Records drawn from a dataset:
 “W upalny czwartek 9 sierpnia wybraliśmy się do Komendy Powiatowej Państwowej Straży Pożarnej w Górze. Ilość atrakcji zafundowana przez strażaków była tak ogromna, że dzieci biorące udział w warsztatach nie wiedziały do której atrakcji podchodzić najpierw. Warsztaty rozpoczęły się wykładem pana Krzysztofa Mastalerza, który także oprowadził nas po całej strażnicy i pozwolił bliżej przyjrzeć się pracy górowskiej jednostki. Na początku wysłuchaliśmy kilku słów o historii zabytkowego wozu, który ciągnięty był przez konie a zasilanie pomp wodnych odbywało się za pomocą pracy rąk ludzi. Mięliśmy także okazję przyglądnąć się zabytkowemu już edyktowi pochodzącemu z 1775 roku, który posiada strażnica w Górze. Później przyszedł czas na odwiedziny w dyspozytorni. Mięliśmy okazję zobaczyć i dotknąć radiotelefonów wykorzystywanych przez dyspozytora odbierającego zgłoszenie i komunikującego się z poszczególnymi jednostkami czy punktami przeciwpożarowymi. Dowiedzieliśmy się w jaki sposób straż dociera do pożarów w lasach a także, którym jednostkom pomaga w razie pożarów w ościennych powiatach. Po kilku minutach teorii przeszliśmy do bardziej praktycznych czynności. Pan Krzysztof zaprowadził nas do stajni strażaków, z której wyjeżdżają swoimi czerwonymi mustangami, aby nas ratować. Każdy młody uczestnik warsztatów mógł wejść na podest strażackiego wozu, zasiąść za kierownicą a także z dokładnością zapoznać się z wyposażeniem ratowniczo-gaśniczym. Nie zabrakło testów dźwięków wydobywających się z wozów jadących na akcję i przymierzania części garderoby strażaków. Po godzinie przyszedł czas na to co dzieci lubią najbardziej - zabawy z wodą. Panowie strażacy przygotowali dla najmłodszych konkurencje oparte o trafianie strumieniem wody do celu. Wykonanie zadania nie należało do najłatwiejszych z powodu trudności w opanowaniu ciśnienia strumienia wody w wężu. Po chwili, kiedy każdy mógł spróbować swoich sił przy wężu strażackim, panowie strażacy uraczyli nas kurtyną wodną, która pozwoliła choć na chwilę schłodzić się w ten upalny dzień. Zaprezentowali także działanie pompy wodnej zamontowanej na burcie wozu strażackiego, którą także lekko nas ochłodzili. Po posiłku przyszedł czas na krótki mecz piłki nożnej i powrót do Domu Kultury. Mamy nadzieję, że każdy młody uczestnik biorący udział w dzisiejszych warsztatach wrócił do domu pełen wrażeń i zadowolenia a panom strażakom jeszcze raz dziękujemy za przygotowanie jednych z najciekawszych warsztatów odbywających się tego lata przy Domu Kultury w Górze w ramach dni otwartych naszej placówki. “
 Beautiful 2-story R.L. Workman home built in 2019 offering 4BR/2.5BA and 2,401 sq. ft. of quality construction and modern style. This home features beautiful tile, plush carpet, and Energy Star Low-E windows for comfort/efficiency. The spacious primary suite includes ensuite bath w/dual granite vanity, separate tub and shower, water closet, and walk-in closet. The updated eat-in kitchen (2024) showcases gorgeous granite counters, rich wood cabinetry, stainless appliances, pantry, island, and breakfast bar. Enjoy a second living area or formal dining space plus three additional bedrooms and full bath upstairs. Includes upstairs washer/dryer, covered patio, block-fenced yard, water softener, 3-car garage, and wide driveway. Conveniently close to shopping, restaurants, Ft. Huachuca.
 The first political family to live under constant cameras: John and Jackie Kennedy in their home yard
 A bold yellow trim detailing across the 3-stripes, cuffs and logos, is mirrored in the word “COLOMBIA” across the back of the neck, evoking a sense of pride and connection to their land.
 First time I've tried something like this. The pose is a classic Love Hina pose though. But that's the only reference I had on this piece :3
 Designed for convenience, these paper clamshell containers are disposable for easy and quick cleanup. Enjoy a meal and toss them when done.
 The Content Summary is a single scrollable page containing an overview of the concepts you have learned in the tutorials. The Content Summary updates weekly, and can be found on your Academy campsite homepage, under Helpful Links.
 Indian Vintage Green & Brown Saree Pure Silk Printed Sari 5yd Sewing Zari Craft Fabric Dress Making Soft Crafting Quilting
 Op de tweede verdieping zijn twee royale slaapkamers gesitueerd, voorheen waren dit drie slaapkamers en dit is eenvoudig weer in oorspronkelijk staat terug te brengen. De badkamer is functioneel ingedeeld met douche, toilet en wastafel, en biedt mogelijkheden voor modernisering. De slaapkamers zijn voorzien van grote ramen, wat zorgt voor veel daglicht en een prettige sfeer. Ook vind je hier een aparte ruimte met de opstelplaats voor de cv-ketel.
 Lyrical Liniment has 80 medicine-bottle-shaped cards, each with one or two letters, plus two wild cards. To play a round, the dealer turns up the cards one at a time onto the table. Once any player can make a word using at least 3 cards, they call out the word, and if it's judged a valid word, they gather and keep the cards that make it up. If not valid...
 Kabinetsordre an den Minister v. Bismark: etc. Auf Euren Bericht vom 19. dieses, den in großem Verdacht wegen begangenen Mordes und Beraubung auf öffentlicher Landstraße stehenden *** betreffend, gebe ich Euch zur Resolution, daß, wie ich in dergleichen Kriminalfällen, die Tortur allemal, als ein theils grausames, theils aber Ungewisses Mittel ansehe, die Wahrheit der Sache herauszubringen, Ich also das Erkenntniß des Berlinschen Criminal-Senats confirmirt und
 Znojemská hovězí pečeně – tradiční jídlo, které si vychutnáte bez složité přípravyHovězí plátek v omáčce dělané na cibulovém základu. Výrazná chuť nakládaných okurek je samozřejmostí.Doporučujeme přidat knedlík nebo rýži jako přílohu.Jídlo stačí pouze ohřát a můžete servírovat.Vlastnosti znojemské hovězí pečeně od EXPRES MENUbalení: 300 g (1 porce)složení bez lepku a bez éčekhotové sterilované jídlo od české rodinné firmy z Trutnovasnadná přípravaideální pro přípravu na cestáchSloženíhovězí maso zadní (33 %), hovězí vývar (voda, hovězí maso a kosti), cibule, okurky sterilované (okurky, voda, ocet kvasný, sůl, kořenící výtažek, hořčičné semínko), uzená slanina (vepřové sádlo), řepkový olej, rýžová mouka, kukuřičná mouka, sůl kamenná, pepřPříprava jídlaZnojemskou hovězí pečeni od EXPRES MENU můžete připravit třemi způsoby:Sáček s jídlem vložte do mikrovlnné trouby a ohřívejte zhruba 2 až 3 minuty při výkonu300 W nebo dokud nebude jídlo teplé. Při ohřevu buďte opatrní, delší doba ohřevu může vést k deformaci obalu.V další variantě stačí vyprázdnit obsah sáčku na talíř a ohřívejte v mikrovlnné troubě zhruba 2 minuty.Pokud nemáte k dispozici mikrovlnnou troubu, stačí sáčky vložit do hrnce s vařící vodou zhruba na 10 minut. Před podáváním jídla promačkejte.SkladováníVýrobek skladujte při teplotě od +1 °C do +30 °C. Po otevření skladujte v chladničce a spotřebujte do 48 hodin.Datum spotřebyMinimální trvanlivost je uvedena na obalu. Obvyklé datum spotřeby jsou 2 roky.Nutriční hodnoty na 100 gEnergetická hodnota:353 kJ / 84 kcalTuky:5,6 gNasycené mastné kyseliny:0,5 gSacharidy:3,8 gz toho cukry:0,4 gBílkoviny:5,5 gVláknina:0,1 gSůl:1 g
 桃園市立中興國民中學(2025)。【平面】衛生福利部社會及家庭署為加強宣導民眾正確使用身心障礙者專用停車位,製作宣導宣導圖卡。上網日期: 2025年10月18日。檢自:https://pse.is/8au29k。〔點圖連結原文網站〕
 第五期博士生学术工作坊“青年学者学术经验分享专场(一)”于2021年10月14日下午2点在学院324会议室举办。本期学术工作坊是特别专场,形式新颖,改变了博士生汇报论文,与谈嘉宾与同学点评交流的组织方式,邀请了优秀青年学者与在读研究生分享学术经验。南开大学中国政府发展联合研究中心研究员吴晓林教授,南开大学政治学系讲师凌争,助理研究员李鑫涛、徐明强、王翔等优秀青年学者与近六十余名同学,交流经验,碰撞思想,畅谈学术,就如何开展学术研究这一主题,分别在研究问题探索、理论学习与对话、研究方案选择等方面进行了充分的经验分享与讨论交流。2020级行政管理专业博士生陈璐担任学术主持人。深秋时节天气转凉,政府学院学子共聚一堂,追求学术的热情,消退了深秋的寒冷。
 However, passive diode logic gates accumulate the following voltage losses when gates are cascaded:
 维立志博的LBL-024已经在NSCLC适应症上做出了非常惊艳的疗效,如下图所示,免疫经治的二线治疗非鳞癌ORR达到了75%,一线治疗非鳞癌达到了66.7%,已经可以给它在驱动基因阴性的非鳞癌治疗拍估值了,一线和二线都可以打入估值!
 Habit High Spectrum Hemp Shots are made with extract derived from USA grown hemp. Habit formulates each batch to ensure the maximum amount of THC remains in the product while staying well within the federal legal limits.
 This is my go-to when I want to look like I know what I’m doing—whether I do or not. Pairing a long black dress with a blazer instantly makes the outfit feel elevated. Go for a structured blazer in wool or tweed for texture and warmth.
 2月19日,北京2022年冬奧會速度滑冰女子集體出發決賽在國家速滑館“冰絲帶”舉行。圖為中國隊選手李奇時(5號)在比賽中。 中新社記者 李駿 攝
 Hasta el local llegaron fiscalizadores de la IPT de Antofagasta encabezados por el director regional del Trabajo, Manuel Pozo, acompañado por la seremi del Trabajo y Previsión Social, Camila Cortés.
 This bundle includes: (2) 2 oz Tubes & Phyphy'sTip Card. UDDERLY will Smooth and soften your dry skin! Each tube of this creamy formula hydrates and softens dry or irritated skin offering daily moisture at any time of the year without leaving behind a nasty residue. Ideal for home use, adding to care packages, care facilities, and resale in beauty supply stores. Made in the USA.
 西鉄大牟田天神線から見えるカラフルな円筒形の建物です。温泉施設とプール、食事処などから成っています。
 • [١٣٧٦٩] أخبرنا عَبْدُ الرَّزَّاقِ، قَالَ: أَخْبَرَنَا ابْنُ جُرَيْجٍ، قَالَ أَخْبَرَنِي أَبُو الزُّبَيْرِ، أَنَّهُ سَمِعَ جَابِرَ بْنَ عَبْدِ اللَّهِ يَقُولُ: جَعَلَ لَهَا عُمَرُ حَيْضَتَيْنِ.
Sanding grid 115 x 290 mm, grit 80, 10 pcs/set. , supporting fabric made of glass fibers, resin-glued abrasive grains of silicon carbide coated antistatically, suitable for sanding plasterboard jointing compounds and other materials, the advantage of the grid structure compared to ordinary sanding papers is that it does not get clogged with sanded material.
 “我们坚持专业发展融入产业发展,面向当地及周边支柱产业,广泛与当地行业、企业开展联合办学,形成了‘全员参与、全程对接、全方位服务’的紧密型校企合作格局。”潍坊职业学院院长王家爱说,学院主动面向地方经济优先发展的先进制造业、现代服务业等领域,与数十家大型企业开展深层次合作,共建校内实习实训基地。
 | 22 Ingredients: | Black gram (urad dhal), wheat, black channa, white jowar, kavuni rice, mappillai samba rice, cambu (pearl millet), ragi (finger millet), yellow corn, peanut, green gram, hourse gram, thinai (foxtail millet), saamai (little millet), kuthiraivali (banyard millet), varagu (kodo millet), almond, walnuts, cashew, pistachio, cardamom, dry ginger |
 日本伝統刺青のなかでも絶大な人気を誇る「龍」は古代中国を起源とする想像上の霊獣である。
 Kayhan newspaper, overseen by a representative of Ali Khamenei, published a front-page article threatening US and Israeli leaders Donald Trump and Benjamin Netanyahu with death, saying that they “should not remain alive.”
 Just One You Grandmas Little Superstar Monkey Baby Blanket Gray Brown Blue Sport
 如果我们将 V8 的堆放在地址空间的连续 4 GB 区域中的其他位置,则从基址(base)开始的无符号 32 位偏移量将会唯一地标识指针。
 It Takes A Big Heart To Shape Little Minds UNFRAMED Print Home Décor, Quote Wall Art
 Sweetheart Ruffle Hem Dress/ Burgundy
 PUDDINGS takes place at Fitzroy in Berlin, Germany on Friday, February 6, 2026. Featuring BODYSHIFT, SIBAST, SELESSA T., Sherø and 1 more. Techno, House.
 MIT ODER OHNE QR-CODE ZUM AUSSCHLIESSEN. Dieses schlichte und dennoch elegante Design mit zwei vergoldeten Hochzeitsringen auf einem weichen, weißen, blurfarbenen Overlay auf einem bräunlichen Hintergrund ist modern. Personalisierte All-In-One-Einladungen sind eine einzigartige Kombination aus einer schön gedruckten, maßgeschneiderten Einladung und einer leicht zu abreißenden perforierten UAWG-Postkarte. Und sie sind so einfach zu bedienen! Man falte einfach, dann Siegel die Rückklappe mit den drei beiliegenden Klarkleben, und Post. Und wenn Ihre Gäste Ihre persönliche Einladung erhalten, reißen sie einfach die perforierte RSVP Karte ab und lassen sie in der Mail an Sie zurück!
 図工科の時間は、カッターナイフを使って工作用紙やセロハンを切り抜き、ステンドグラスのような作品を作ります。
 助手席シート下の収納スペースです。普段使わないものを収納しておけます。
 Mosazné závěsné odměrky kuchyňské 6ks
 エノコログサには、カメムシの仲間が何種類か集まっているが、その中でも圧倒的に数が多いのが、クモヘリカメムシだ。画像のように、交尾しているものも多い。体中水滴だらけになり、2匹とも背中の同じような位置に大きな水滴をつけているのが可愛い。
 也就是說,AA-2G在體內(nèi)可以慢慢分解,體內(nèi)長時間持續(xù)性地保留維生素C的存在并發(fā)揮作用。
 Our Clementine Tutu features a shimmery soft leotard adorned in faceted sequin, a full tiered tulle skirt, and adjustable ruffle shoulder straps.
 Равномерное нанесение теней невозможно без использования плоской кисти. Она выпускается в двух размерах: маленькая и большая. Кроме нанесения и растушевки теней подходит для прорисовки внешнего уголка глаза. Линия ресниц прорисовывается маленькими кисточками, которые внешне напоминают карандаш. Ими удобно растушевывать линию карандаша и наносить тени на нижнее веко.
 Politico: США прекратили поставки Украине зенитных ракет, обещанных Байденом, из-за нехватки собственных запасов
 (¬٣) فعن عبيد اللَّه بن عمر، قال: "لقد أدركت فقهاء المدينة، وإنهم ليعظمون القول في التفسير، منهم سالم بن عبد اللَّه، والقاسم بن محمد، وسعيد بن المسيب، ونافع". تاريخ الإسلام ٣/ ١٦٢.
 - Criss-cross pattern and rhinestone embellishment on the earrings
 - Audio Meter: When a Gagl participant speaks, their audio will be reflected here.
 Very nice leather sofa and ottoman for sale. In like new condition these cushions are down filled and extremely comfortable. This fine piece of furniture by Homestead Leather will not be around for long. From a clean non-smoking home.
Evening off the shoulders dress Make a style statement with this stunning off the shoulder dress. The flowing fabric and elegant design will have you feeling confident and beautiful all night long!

__About this exercise__. Show the lines of the entries that include the string "their", copying each in full.

__Written response__.
 The first political family to live under constant cameras: John and Jackie Kennedy in their home yard
 A bold yellow trim detailing across the 3-stripes, cuffs and logos, is mirrored in the word “COLOMBIA” across the back of the neck, evoking a sense of pride and connection to their land.
 - Audio Meter: When a Gagl participant speaks, their audio will be reflected here.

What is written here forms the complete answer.